White House officials frequently use press conferences to lay the groundwork for policy changes. In this case, Earnest’s statements suggest that the White House will try to create new and separately named mechanisms for people to get tax subsidies, to sign up for Medicaid, and to sign up for the Obamacare-compliant health benefit plans offered by Aetna, United and companies.

The rebranding effort, however, may be too late to separate Obama’s reputation from his effort to redesign the nation’s complex and huge health sector.

Obama has used the term on several occasions, usually to mock the GOP’s criticism of his ambitious effort to politicize the nation’s health-sector for the benefit of the Democratic Party.

Once the network “is working really well…then [Republicans] are going to stop calling it Obamacare…  They’re going to call it something else,” he said in a Nov. 8 speech in New Orleans.

A search by The Daily Caller showed the term was last used Oct. 10 in a White House statement. “The President reaffirmed that we will not allow them to hold the economy hostage to an extreme political agenda that includes demands like defunding Obamacare,” said the so-called readout of an Oct. 10 meeting of the president with Democratic legislators.

That disastrous Obamacare plan is now a threat to the party because its massive taxes on middle-class voters, and its cascading failures, threaten to alienate influential swing-voters voters before the 2014 and 2016 elections.

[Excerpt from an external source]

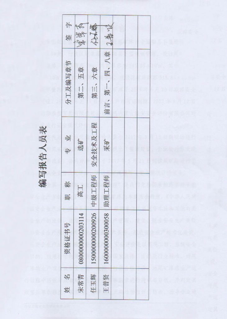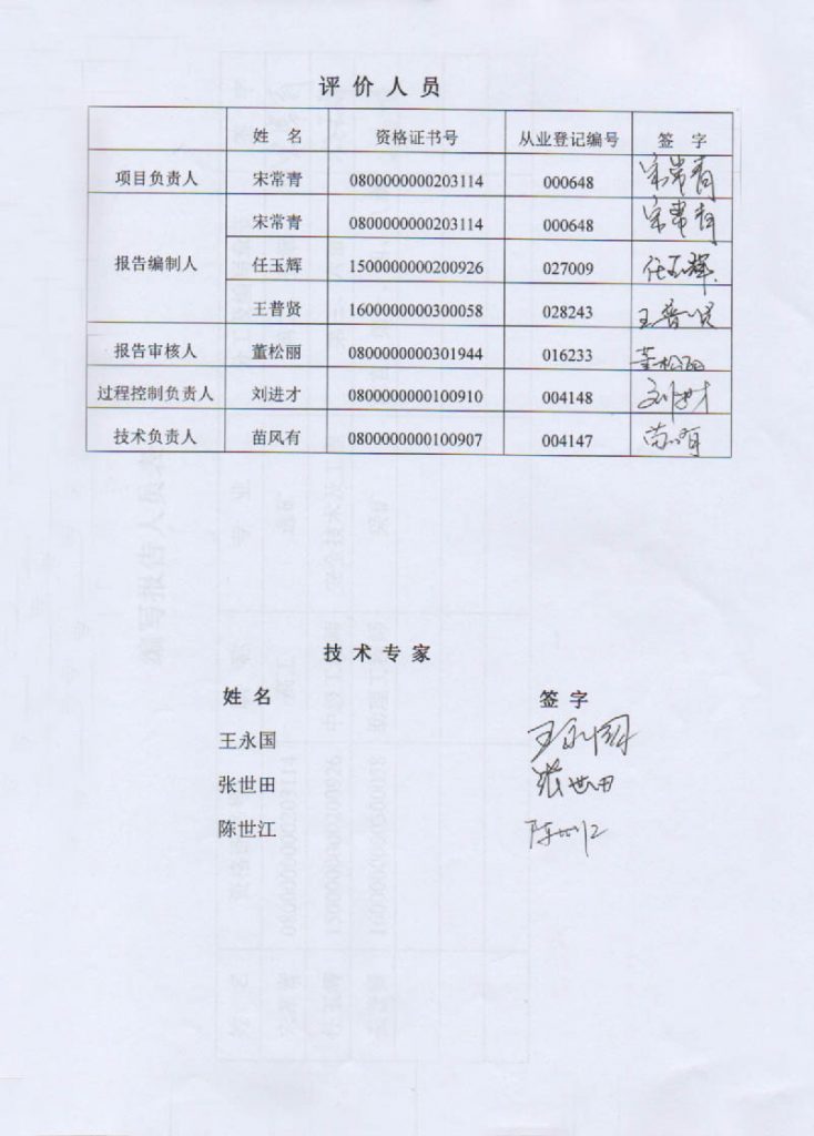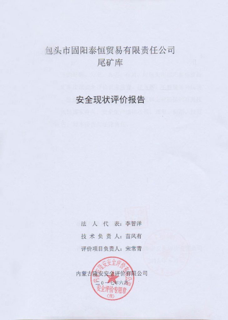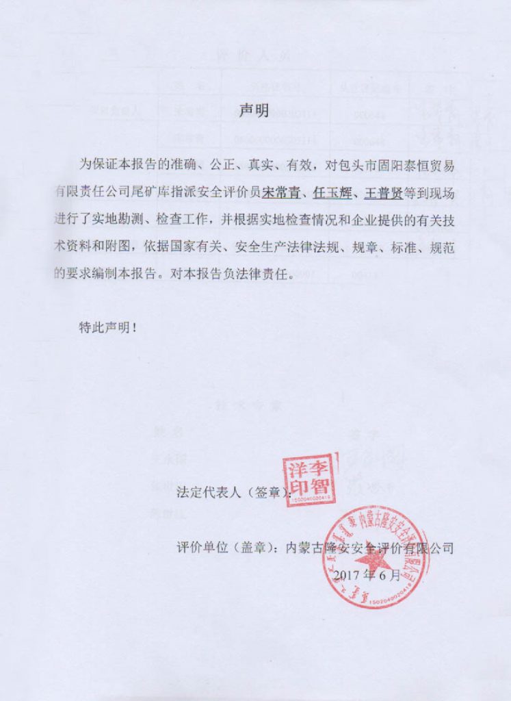 包頭市固陽泰恒貿易有限責任公司尾礦庫安全現狀評價報告–簽字表

Numerous polls show the president’s approval rating has been hammered into the low 40s by the Obamacare rollout. One poll by the CBS showed Obama’s approval has tanked to only 37 percent.

A poll by CNN showed that one in five Americans knows someone who lost their insurance coverage because of the law, and that Obama’s poll ratings among critical suburbanite voters has crashed.

“The [national] drop in Obama’s approval rating comes entirely among suburbanites,” said CNN Polling Director Keating Holland said in a Thursday statement.

“Compared to the October CNN poll, positive views of Obama held steady among people who live in big cities and rural areas… In the suburbs, his approval rating was 45% a month ago but has dropped to just 37% now.”

For much of 2014, Obama has been working to persuade suburban voters to back Democratic candidates in the 2014 election.

Last week, 39 House Democrats voted for an Obamacare reform bill, despite a veto threat from Obama.